Over the past decade, regulatory uncertainty has been the most common reason for denying the cryptocurrency industry, and this 'excuse' will be difficult to use in the future.
This shift will bring many positive chain reactions—more optimized Token designs, broader institutional participation, and more entrepreneurs joining.
Like all technologies, AI will inevitably enter a valley of disillusionment. Engineers working at AI startups valued at $2 billion but not yet profitable may reconsider their choices after the adjustment in the AI venture capital market.
They will find that the opportunities in the cryptocurrency field are broader, and this industry has a more interesting cultural atmosphere.

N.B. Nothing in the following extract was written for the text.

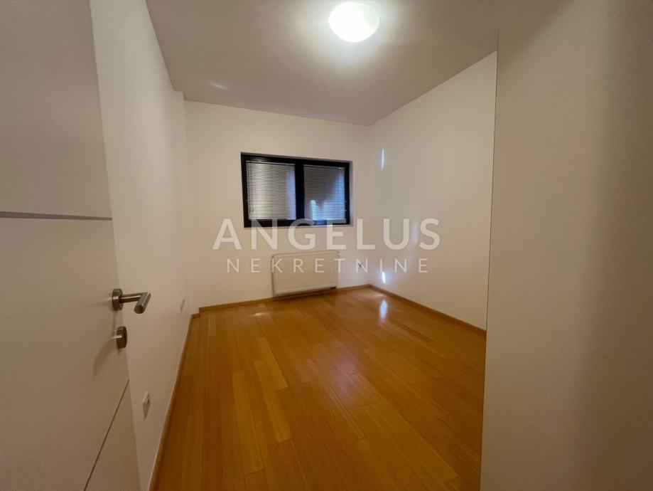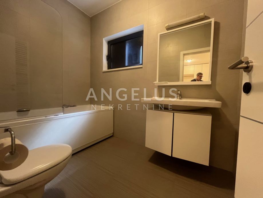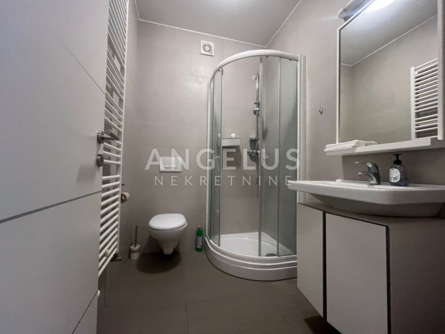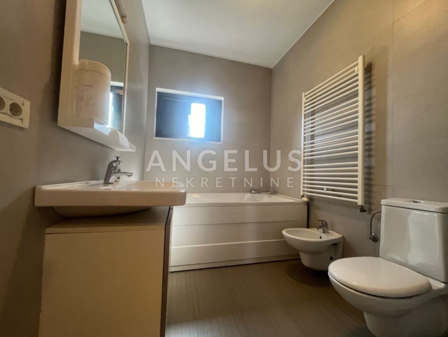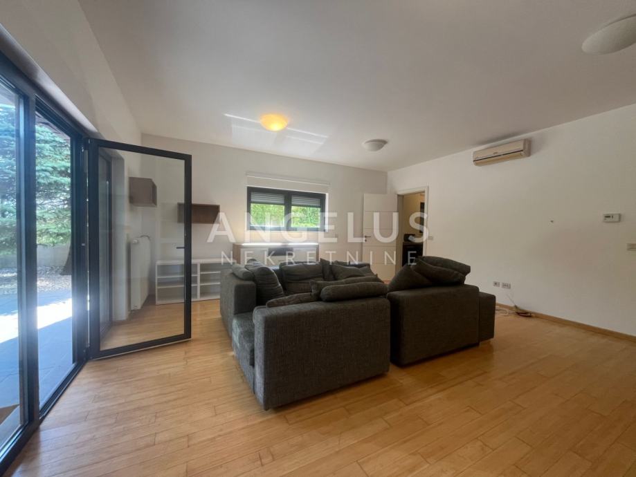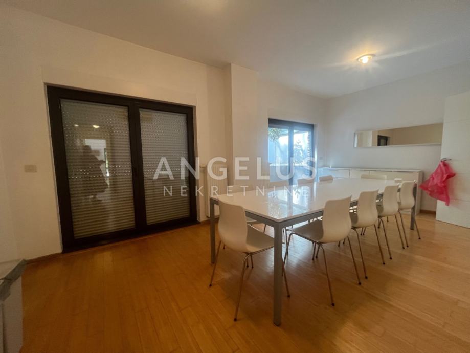 Prva etaža (prizemlje) sastoji se od: ulaznog hodnika, kupaonice, ostave, kuhinje, dnevnog boravka i blagovaonicom i izlazom na terasu i vrt, a druga (1.kat) od: 4 spavaće sobe, balkona i dvije kupaonice. Klimatiziran je, plinsko centralno grijanje. Nenamješten je (osim kuhinje i ugradbenih ormara), namještaj po dogovoru. Pripadaju mu spremište (12 m2) i 2 parkirna mjesta. U vrtu (cca. 200 m2) nalazi se ljetna kuhinja i roštilj.

In fact, I have noticed that the financing market for cryptocurrencies is gradually warming up.
Capital allocators are often inherently conservative; no one gets fired for giving money to a traditional fund like Bridgewater that charges 2/20 (2% management fee and 20% performance fee).
But when your peers are all talking about something, it becomes almost impossible to ignore it. Cryptocurrencies have a strong reflexive effect:
Price increases will attract more attention;
Price increases will allow existing cryptocurrency venture funds to achieve more dividends;
Price increases will also attract more entrepreneurs to join this field.
Of course, we still have a lot of work to do—a classic counterargument is: 'Investing when prices are high means you have already missed the opportunity.'
If we do not support those ambitious cryptocurrency companies and tell the story of these technological use cases well, this concern may hinder some capital inflow.
As for when the comprehensive outbreak of the market will come in the second, third, or fourth quarter, I think it no longer matters. Because the macro environment is finally in place.
Let's give it our all and go for it!